Пораженный Цезарь обернулся на шум и увидел, что гранитная плита в центре пола поднялась несколько выше уровня соседних с ней плит.
– Помоги мне, – сказал Каэм, отпуская анх, оставшийся торчать в скважине незримого механизма.
Цезарь опустился на колени, помог поднять плиту и заглянул в темноту. Рисунок на полу подсказывал, какие еще две плиты, меньшего размера, вокруг центральной необходимо убрать в стороны. Отверстие в полу стало достаточно большим, чтобы в него могли пролезть даже очень полные люди.
– Помоги мне, – снова сказал Каэм, берясь за бронзовый стержень со сверкающим концом, на котором крепилась большая плита.
Стержень свободно поворачивался, и в результате плита поднялась на пять футов. Каэм привычным движением пошарил в темноте и извлек два факела.
– А теперь, – сказал он, поднимаясь, – мы пойдем к священному огню и зажжем их, потому что в подвалах нет света.
– А воздух там есть, чтобы факелы могли гореть? – спросил Цезарь, когда они шли к святая святых, маленькой комнате, где горел огонь под присмотром сидящего Рамсеса.
– Пока плиты подняты – да, если мы не пойдем далеко. Когда мне нужно что-то забрать, со мной являются еще два жреца с кузнечными мехами и вдувают внутрь воздух.
При слабом свете факелов они спустились по ступеням в подземелье под святилищем Птаха, миновали нечто вроде прихожей и попали в лабиринт узких туннелей с рядами дверей по обеим сторонам, ведущих в секретные кладовые. Некоторые кладовые были наполнены золотыми слитками, ящиками с драгоценными камнями и жемчугом всех цветов и сортов. В других комнатах сильно пахло сандалом, специями, фимиамом, лазерпицием. В третьих хранились слоновая кость, порфир, алебастр, горный хрусталь, малахит, лазурит. В четвертых – черное дерево, тетраклинис, электрум и золотые монеты. Но никаких статуй или картин – в общем, того, что Цезарь мог бы назвать произведениями искусства.

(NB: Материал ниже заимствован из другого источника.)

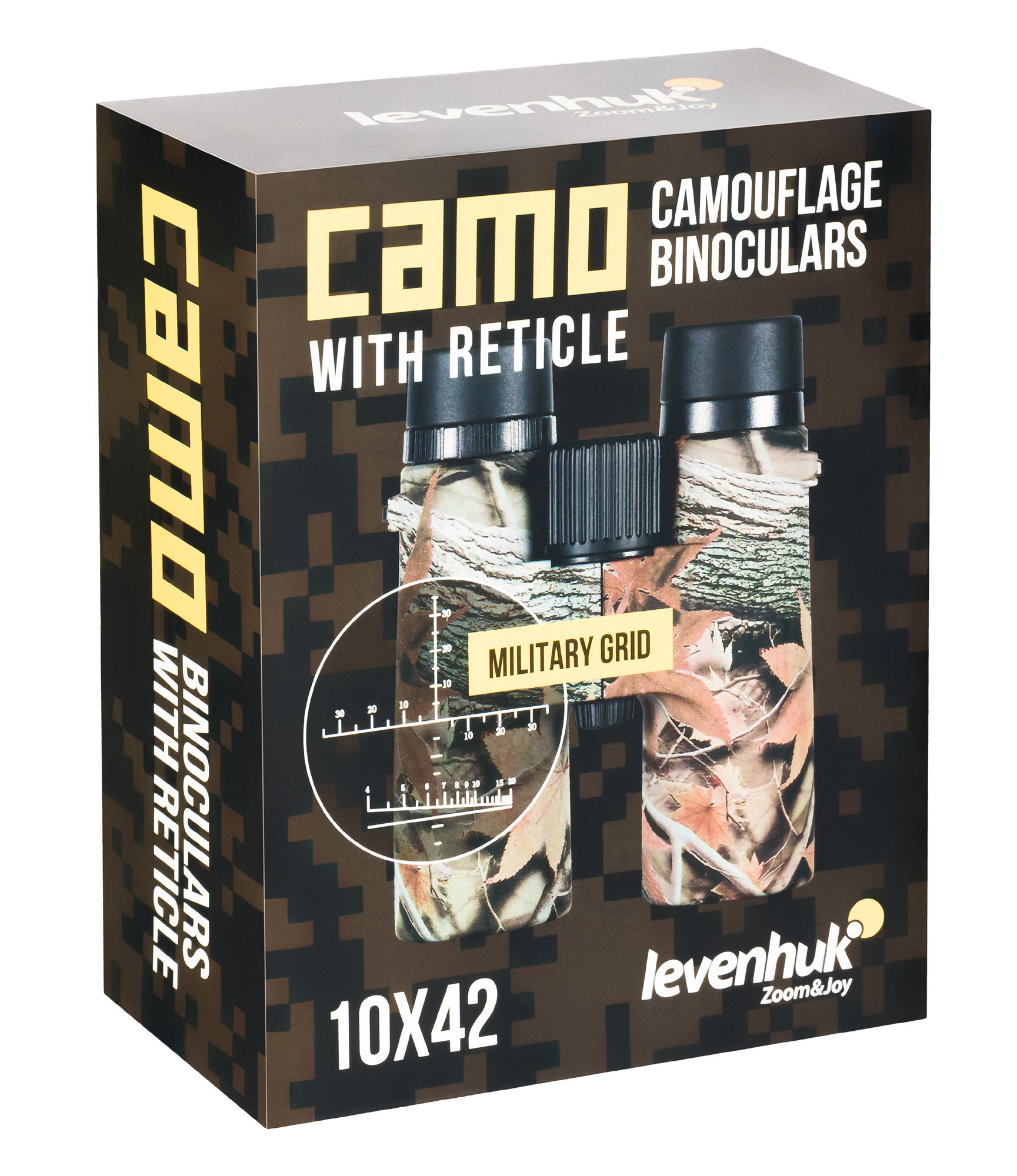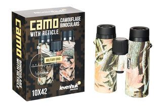 Бинокль Levenhuk Camo 10x42 станет прекрасным приобретением для любого охотника. Компактный прибор в корпусе защитного цвета обеспечит прекрасную видимость на дальних дистанциях благодаря 10-кратному увеличению и полностью просветленной оптике, а также позволит рассмотреть в деталях ближайшие объекты: минимальная дистанция для фокусировки составляет всего 3 метра. Фокусировочный барабан расположен по центру и имеет рельеф, поэтому удобен даже при настройке бинокля в перчатках.

Он возвратился в обычный мир пораженным. Под его ногами лежало такое богатство, что даже семьдесят крепостей Митридата Великого со всеми их тайниками бледнели перед ним. «Правду говорил Марк Красс: мы в западном мире понятия не имеем о том, какое богатство накопили восточные монархи, ибо не ценим богатство ради него самого. Само по себе оно и впрямь бесполезно, в лежачем, так сказать, виде. Будь все это моим, я тут же переплавил бы металлы, а остальное рассортировал и распродал, чтобы вложить вырученные средства в экономическое развитие Рима. А Марк Красс только ходил бы вокруг сокровищ, напевая себе под нос. Несомненно, все началось с одного яичка в гнезде, но вылупилось из этого яичка чудовище, для охраны которого требуется немыслимая хитрость и изворотливость».
Вернувшись в коридор, они ввинтили обратно пятифутовый бронзовый стержень и закрыли защелку, приводящую в действие невидимый механизм. Потом положили на место плиты меньшего размера и опустили центральную вровень с полом. Сколько ни смотрел Цезарь на напольные плиты, он не мог найти входа. Он потопал ногами, но звук везде был глухим, ибо четырехдюймовые плиты его с легкостью поглощали.
– Если кто-то присмотрится к картушу, – сказал он Каэму, когда тот возвращал анх Птаху, – то сможет заметить следы прикосновений.
– Но это будет не завтра, – спокойно ответил Каэм, – а тем временем щели замажут, подкрасят, состарят, и он будет выглядеть как сотня других.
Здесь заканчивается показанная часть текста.